RYAN GARCIA: PIŁEM KAŻDEGO DNIA, A I TAK POKONAŁEM HANEYA

Redakcja, DAZN

2024-04-21

- Sędzia ringowy Harvey Dock fatalnie wykonywał swoją pracę - narzeka Ryan Garcia (25-1, 20 KO), który niespodziewanie pokonał Devina Haneya (31-1, 15 KO).

- Dużo działo się ostatnio w moim życiu. Rozwodziłem się, piłem niemal każdego dnia, a i tak wygrałem. Nie jestem z tego dumny, ale piłem dzień w dzień, tylko co z tego? Wciąż pokonałem Haneya. Teraz przenoszę się na stałe do wagi półśredniej, choć mogę również bić się z mistrzem WBC i WBO junior średniej Sebastianem Fundorą - kontynuował "KingRy".
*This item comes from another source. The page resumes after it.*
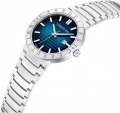 Прямоугольные стрелки в стиле Baton. Метки и стрелки с люминесцентным покрытием, которое светится в темноте после непродолжительной зарядки на свету. Окошко даты находится в положении 3 часа. Заводная головка в виде болта. Надежный стальной браслет с вертикальной матовой и полированной отделкой. Раскладывающаяся застежка.

- Jeśli ktoś chce zarobić naprawdę duże pieniądze, musi zgłosić się do nas i walczyć z Ryanem. Możemy zrobić wyjątek i wyjść do rewanżu Gervontą Davisem w umownym limicie 65,75 kilograma - wtrącił promujący młodego gwiazdora Oscar De La Hoya.

- Naprawdę uwierzyliście, że oszalałem? Nie oceniajcie książki po okładce. Teraz to ja jestem twarzą boksu - zakończył Garcia.